Personal information
- Born: December 4, 1981 (age 44) Swords, Republic of Ireland
- Height: 1.73 m (5 ft 8 in)
- Sporting nationality: Ireland
- Residence: Boiling Springs, North Carolina
- Spouse: Kimberly
- Children: Trinity 2008; Fergus 2016;

Career
- College: Wingate University
- Turned professional: 2006
- Former tours: NGA Hooters Tour, E Golf Tour
- Professional wins: 11

= Lorcan Morris =

Irish professional golf caddie (born 1981)

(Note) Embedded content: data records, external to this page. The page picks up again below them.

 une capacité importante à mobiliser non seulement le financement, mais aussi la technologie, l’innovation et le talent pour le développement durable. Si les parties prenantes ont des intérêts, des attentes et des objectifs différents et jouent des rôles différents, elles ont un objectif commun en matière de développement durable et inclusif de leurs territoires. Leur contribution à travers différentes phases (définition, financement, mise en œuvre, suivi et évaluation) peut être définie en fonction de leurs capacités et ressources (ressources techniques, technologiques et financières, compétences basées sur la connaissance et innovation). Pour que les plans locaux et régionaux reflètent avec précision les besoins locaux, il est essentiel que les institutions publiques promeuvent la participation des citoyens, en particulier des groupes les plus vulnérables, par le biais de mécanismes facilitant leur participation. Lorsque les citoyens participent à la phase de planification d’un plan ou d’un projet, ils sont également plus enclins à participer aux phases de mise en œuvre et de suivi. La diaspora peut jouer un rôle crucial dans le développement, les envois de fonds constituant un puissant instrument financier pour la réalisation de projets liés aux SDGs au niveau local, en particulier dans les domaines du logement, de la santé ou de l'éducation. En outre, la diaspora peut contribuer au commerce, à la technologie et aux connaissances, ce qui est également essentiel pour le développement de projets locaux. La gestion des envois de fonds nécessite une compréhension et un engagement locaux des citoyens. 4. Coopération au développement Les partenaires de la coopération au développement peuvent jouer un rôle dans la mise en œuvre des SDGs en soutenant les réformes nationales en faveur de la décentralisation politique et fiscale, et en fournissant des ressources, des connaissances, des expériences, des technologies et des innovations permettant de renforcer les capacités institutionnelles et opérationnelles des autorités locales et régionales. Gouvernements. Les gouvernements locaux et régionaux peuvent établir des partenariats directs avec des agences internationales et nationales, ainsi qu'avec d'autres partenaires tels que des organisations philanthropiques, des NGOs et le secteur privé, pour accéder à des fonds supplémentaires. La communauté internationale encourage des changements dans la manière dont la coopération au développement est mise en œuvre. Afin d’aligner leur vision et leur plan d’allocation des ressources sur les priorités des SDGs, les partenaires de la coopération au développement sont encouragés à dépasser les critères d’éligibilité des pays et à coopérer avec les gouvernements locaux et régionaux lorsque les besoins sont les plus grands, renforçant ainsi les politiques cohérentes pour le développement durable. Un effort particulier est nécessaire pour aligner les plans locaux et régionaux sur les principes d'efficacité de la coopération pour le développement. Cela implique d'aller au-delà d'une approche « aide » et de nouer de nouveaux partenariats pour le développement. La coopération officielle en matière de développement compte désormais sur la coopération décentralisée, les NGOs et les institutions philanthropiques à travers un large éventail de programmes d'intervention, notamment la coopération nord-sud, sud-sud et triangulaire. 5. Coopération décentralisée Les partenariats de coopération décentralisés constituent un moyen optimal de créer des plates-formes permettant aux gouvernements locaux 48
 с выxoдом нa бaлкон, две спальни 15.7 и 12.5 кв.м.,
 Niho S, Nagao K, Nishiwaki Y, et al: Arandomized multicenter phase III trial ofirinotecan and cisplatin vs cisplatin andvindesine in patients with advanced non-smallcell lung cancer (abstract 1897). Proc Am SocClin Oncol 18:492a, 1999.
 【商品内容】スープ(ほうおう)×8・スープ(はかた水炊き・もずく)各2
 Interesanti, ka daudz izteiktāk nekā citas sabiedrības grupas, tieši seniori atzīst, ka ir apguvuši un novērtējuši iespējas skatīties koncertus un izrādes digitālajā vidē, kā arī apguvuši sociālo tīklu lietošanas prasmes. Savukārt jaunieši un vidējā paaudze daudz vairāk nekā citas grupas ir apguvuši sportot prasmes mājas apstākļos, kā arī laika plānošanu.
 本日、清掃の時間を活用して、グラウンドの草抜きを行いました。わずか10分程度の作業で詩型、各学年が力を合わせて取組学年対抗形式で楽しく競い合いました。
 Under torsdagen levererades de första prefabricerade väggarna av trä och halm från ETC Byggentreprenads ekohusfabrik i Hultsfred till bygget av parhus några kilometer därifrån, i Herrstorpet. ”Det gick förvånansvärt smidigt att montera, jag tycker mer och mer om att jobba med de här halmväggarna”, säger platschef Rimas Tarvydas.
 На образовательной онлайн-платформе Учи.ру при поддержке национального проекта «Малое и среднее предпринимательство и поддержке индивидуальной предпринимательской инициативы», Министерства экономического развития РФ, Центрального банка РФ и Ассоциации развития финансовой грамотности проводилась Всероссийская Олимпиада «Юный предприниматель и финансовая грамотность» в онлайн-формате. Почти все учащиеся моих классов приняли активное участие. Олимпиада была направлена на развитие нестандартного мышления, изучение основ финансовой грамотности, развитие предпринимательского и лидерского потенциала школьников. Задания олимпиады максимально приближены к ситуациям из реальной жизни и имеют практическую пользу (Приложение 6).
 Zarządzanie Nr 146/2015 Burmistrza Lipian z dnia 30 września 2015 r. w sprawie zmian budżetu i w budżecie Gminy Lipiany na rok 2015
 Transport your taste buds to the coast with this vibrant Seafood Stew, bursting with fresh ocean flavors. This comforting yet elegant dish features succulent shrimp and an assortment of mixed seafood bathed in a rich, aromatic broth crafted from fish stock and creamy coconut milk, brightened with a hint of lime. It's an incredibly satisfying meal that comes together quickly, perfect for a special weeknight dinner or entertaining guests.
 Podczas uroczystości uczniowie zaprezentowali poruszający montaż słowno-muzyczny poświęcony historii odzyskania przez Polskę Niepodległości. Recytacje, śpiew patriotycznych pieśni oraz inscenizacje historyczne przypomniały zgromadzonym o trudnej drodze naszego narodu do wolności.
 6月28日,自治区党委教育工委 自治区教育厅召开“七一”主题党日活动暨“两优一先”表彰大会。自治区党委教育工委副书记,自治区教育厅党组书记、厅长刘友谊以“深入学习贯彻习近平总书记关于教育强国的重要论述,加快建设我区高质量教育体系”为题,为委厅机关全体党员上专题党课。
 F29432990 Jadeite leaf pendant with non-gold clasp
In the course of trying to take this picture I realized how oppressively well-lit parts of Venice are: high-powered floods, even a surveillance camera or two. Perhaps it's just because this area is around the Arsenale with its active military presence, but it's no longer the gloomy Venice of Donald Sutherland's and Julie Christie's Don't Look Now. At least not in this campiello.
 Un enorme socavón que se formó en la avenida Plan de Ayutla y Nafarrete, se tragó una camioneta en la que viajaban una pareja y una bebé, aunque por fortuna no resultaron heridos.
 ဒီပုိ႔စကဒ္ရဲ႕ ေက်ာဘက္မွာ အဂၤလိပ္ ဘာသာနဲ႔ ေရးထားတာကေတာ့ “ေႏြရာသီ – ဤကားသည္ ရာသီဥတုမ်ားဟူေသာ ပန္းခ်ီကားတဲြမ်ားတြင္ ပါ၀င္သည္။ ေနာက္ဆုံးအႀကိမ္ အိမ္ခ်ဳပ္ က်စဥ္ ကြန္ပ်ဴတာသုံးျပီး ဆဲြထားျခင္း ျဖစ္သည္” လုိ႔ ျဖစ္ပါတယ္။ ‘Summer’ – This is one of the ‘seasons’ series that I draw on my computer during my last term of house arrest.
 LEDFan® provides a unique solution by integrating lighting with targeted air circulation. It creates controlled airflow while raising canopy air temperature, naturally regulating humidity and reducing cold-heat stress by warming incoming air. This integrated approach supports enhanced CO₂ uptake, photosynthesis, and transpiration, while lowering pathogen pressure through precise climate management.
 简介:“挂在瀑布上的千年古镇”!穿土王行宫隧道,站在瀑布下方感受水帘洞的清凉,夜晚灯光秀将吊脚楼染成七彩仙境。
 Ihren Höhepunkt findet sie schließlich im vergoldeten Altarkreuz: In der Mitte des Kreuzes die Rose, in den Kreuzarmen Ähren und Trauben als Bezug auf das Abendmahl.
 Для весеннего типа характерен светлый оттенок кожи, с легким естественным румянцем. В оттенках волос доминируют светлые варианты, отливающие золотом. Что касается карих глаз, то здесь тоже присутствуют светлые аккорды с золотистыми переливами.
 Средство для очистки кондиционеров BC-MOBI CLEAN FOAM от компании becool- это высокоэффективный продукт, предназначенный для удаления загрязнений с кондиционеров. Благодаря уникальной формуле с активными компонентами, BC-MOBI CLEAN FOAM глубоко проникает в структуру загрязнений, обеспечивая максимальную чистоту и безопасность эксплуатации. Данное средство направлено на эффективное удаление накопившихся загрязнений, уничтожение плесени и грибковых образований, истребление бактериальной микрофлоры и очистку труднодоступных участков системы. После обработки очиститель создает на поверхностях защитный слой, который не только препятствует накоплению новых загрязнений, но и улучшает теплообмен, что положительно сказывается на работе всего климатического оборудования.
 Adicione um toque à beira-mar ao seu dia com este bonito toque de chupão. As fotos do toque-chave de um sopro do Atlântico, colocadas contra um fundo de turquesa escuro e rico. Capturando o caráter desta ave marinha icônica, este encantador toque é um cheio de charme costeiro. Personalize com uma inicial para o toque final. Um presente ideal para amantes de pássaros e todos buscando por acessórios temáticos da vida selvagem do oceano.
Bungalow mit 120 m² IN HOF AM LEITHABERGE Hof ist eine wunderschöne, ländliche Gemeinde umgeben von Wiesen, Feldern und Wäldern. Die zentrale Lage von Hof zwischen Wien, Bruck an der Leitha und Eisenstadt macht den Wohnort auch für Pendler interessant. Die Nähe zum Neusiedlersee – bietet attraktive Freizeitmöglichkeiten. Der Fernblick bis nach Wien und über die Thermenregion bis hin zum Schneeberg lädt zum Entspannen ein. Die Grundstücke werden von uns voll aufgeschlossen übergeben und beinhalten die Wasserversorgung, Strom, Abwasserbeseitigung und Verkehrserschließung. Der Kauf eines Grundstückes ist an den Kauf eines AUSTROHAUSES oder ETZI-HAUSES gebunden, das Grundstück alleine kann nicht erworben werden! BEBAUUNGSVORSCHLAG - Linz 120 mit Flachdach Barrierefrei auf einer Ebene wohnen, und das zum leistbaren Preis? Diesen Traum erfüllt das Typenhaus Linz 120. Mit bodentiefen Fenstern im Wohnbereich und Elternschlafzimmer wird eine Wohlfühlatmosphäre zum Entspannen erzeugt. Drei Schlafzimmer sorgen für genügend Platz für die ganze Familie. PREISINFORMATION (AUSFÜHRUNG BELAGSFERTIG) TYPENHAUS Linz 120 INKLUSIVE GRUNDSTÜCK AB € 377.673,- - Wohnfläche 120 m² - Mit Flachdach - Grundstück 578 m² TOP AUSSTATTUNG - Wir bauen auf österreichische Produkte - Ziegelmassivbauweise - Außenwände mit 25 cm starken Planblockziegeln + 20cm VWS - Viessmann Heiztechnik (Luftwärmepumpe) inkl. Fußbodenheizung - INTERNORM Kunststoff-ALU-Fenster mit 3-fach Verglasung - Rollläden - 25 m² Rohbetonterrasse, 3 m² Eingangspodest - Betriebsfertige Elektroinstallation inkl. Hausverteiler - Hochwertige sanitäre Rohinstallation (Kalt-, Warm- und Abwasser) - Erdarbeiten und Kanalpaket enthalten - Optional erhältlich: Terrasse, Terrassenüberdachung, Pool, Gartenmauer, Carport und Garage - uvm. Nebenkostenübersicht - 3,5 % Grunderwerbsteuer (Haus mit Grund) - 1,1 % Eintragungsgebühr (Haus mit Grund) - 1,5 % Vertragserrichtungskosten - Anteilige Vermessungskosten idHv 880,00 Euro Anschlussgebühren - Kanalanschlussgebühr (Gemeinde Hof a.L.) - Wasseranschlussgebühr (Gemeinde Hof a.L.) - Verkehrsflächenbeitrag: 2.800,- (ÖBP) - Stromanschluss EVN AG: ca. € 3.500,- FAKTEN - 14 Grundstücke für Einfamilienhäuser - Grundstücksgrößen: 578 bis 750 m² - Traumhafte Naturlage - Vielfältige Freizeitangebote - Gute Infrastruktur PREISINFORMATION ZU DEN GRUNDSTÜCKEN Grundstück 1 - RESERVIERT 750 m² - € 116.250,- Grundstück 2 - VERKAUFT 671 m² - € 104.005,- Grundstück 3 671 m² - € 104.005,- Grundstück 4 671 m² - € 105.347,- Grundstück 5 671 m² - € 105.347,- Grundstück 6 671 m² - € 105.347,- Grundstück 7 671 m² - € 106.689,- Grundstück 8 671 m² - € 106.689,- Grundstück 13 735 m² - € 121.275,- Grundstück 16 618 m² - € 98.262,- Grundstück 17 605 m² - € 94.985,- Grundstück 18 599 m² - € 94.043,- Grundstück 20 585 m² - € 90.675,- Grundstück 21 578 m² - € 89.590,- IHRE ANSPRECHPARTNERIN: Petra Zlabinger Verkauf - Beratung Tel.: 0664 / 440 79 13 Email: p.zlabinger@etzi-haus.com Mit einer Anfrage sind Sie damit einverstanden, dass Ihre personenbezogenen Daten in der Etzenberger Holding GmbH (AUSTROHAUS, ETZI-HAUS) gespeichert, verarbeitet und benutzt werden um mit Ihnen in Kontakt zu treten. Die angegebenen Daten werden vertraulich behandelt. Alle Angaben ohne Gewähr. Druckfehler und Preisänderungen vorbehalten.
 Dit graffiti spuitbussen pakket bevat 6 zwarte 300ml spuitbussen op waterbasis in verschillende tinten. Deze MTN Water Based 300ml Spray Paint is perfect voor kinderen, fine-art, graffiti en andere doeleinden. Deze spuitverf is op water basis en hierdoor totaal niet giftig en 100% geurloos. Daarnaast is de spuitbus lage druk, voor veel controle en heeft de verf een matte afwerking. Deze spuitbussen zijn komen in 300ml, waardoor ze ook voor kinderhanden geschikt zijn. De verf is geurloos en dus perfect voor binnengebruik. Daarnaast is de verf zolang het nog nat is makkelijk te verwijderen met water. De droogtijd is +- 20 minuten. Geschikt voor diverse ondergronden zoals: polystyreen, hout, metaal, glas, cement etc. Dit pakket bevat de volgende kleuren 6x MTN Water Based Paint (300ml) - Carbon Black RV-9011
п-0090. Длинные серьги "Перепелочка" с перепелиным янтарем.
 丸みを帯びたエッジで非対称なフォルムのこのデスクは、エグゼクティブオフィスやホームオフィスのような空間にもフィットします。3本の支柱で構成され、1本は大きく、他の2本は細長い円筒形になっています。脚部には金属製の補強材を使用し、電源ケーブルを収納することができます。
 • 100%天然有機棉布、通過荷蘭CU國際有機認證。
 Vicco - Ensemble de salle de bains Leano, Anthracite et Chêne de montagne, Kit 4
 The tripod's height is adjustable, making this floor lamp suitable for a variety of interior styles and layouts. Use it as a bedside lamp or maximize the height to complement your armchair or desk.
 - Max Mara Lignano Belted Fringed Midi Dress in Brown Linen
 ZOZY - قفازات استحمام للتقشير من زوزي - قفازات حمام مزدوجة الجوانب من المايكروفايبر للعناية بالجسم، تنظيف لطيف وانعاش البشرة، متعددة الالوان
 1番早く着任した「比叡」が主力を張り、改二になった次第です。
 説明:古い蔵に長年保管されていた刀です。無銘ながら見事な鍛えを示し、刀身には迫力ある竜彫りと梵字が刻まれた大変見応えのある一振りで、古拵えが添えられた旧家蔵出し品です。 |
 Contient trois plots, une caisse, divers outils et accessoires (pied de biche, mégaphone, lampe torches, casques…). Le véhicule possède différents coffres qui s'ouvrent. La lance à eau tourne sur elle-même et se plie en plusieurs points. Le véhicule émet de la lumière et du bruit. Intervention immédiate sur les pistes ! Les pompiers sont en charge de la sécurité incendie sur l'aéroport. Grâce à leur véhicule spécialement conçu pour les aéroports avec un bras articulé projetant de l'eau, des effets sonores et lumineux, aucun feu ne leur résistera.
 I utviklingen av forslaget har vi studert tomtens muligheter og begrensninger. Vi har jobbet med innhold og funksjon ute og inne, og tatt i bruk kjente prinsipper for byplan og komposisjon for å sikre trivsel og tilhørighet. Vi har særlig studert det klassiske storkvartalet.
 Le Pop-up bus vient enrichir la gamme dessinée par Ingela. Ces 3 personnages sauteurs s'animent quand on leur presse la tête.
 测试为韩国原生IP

Lorcan Morris (born 4 December 1981) is an Irish professional golf caddie on The PGA Tour Champions for Timothy O'Neal and the former caddie for Robert Garrigus on The PGA Tour. He is based in Boiling Springs, North Carolina.

==Early life==
Morris was born in Dublin, Ireland and attended Rolestown NS and Malahide Community School. When he was a child his father built a flood lit driving net in their back garden for him to practice before and after school. He began his career of caddying at age 12 at the 1994 Ladies Irish Open where he caddied for Laura Davies. He credits his golf career to that chance meeting with Davies with whom he is still close friends to this day.

==Career==
===Amateur===
Morris got a golf scholarship to Wingate University near Charlotte, North Carolina. He graduated in 2006 as the most successful Bulldog in program history. He won the 2005 UNCP Intercollegiate held at Carolina Sands golf club in a playoff with a birdie at the first playoff hole. Morris was a first team All American at Wingate in 2005 and 2006. While at Wingate, Morris won The Charlotte City Am in 2006. He also recorded a top 10 in The Florida Azalea Amateur in 2006 along with a top 20 at The Cardinal Amateur. Morris also won back-to-back to back Union County Amateur titles in 2004, 2005 and 2006 while at Wingate. He won the Amateur Golf Tour (now Golfweek Amateur Golf Tour) national championship in 2005 at the Wild Wing Resort in Myrtle Beach,SC, USA. Morris won his first of 2 Myrtle Beach Amateur championships in 2006.

===Professional===
Morris played professionally after college for 3 1/2 years on various mini tours winning 11 professional events He was the winner of the 2005 Golfweek Amateur Tour at the Wild Wing Resort in Myrtle Beach SC. This win was notable due to the fact he was 6 shots behind with 4 holes to go and finished birdie, eagle, birdie, birdie to clinch his first and only to date national championship. In October 2004 Morris was beaten in a play off at the same event by Tommy Miller of Boone, North Carolina on the first playoff hole with Morris failing to match Millers birdie. Morris has also won The Charlotte City Amateur (2006), Myrtle Beach Amateur (2006).

===Caddying===
After finishing playing professionally in 2009, Morris worked for several years as a caddie on The LPGA Tour for Laura Davies, Michelle Wie, Sophie Gustafson, and Sydnee Michaels with whom he won twice including the 2011 LPGA Futures Tour Championship. He was offered a full-time switch to the men’s game in 2011 with Robert Damron. Morris and Damron had limited success together prompting a split in August 2012. Morris then went to work for Mark Anderson on the PGA Tour who recorded his first and only career top 10 to date on the PGA Tour at The Walt Disney World Classic in Orlando. Morris retired from caddying in mid-2016 to spend more time with his family. He also returned to playing amateur golf.

===Return to Amateur Golf===
Morris won his 2nd Myrtle Beach Amateur Championship in November 2016 by 12 shots.

==Personal life==
Morris lives in Boiling Springs, NC with his wife Kimberly, daughter and son.